The Thai Buddhist monk Ajahn Suwat, while teaching a meditation retreat in America, asked Ajahn Geoff (Thanissaro), “Why do the students seem so unhappy? They’re meditating. They’re here. But they seem so grim and not at all like they’re enjoying themselves.” After thinking about it, Ajahn Geoff said, “They know how to meditate, but not how to practice dana.” The ancient word Dana is translated as giving, generosity, sharing. It lies in the heart of the Buddhist tradition, together with Sila (morality) and Bhavana (meditation). One cannot happen without the other, like the sustaining lines of a perfect triangle. 

Looking to help others is a direct change of focal point from the constant ongoings of me, mine and myself. Over the years we have hosted and treated thousands of people at Plantation Villa. They come looking for simple things, such as a nice holiday, up to more serious help such as a natural way to deal with cancer. We use a carefully established combination of Yoga, Meditation, Ayurveda, Nutrition, Nature, and Community, to restore and maintain wellbeing. But at what point do these references meet? They all intersect at the point of reduction of selfishness.

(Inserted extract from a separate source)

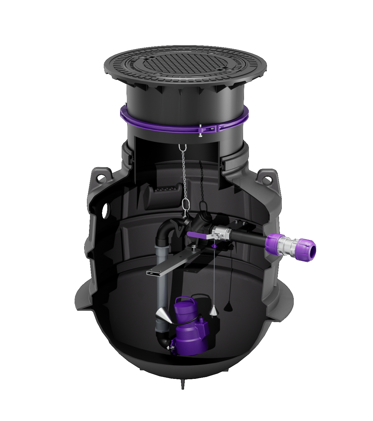 Die Pumpstation für fäkalienhaltiges und fäkalienfreies Abwasser ist zum Einbau ins Erdreich geeignet und ist mit einem Rückflussverhinderer für die Druckleitung ausgestattet. Der Behälter aus PE ist beständig gegen häusliches Abwasser und enthält eine begehbare Abdeckplatte aus Kunststoff. Die Pumpe mit Freistromrad sorgt für höchste Betriebssicherheit. Schnellverschlüsse ermöglichen die einfache Entnahme der integrierten Komponenten. Die Komponenten sind vormontiert zur bauseitigen Endmontage. Inklusive Freiflächen für Zulauf, Entlüftung und Kabelleerrohr.
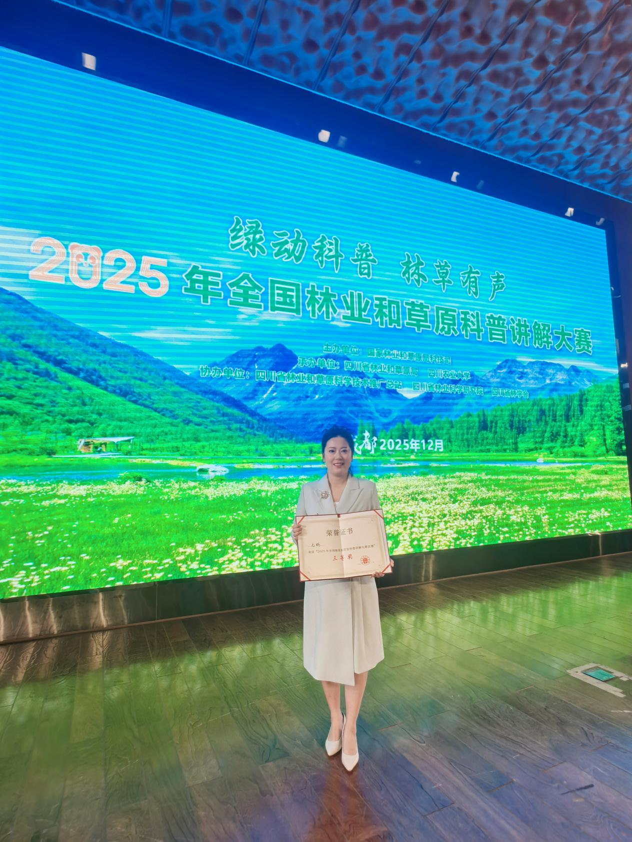 近日,由国家林业和草原局科技司主办,四川省林业和草原局及四川农业大学承办的2025年全国林业和草原科普讲解大赛在成都举行。此次共有42支代表队、171名选手参赛,湖南张家界大鲵国家级自然保护区参赛选手毛盼以《从“活化石”到“生态符”—大鲵保护中的林草智慧》为主题,以通俗易懂的语言、鲜活生动的案例,生动诠释了大鲵物种奥秘、生态价值及保护实践,既有科学性又兼具趣味性,成功斩获三等奖。不仅是对个人专业能力的认可,更是保护区近年来科普宣教与生态保护“双向发力、成果双丰”的有力见证。

They are, on our understanding, paths of renunciation.

Yoga and Buddhist meditations are a renunciation of the constant agitation; the attachment to self views, memories, daydreams, emotional disturbances. Ayurveda was traditionally the way to maintain health, so that a virtuous (dharma) life can be lead. Nature, in its raw, unpolished form, shows that perfection and straight lines are a utopia. Furthermore, inside the jungle, you can be a king or a peasant, but it does not make much difference. Community is the sacrifice of selfish ideals for a common benefit. 

But still… The message that is out there is to always make things greater. How can I maximise happiness?
What about how to make things less heavier?